## What is expected
Skip every picture, then write out exactly the lines of the listing below from the line that contains "- THE LEO First" through the final line.

## Information supplied
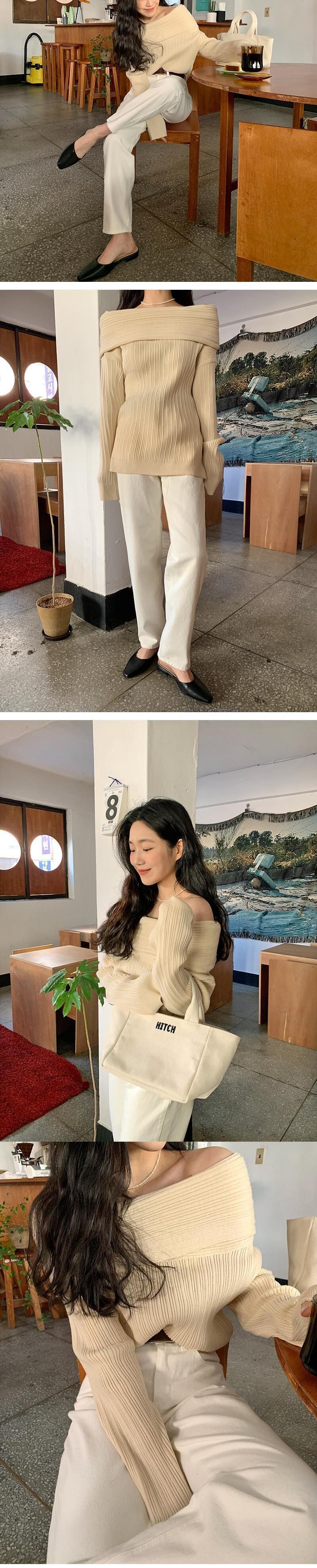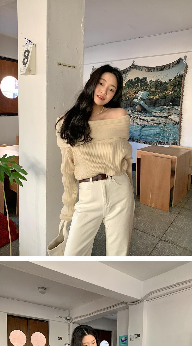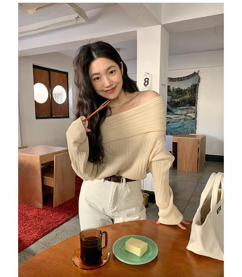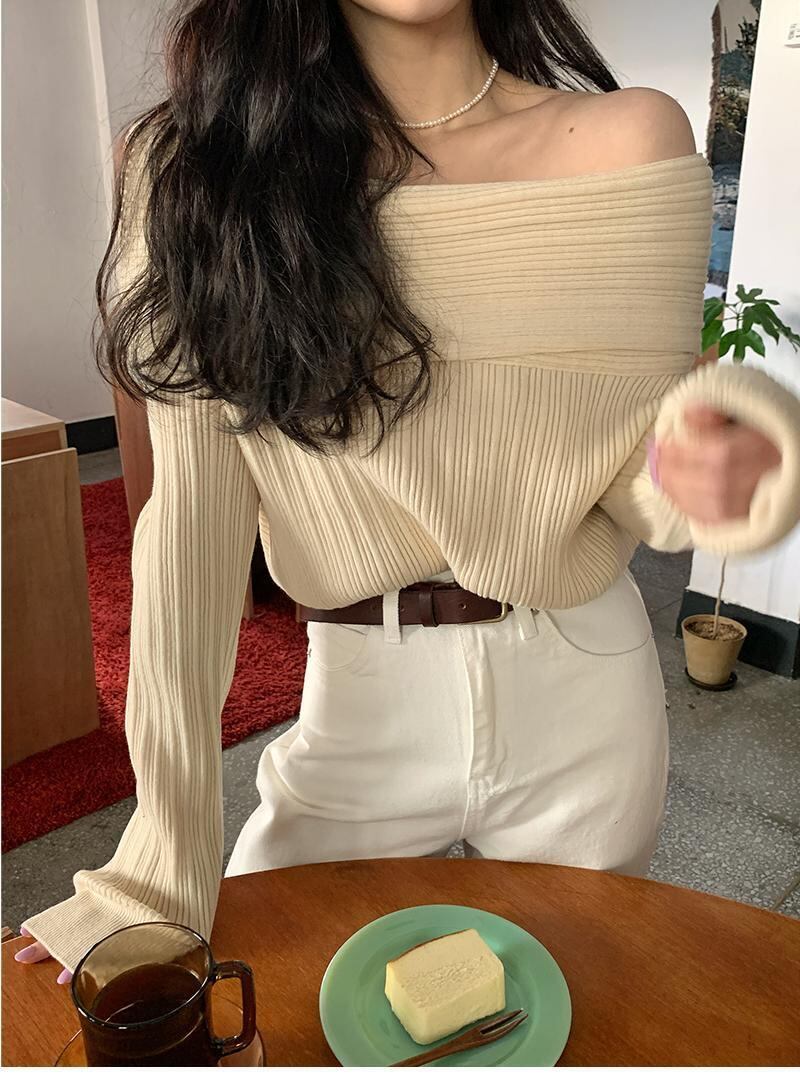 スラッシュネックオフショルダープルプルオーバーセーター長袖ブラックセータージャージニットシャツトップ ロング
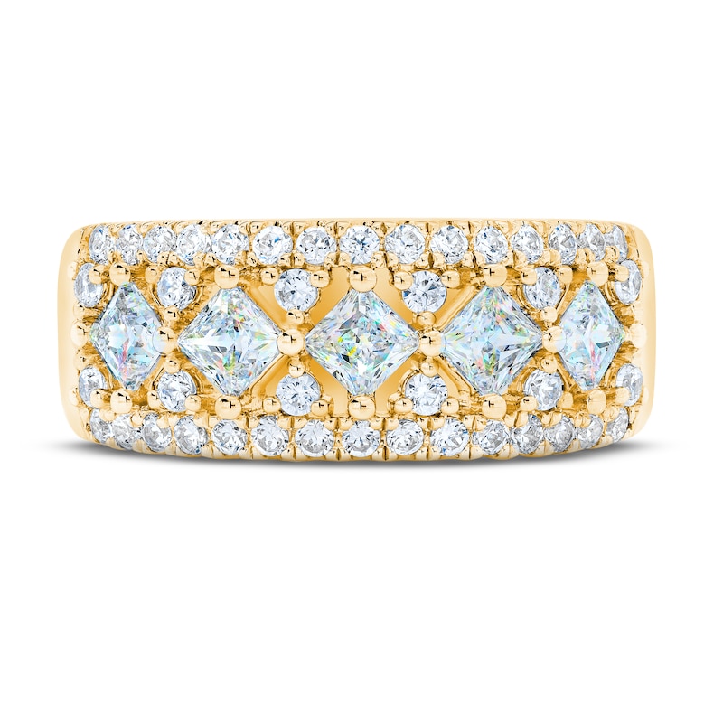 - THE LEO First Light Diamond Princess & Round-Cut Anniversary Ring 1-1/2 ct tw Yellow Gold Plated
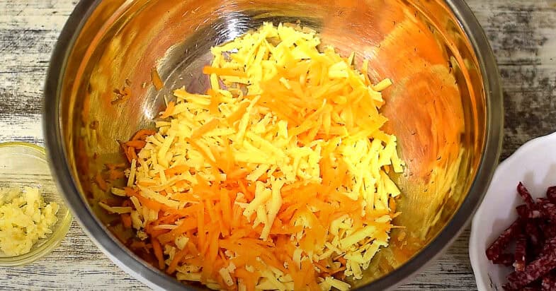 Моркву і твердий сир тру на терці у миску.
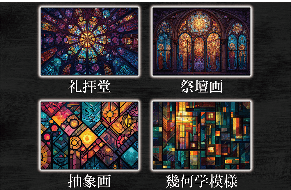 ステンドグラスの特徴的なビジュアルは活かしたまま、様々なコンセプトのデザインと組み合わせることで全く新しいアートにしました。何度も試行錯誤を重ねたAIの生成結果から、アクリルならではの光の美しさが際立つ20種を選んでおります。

## Task result
 - THE LEO First Light Diamond Princess & Round-Cut Anniversary Ring 1-1/2 ct tw Yellow Gold Plated
 Моркву і твердий сир тру на терці у миску.
 ステンドグラスの特徴的なビジュアルは活かしたまま、様々なコンセプトのデザインと組み合わせることで全く新しいアートにしました。何度も試行錯誤を重ねたAIの生成結果から、アクリルならではの光の美しさが際立つ20種を選んでおります。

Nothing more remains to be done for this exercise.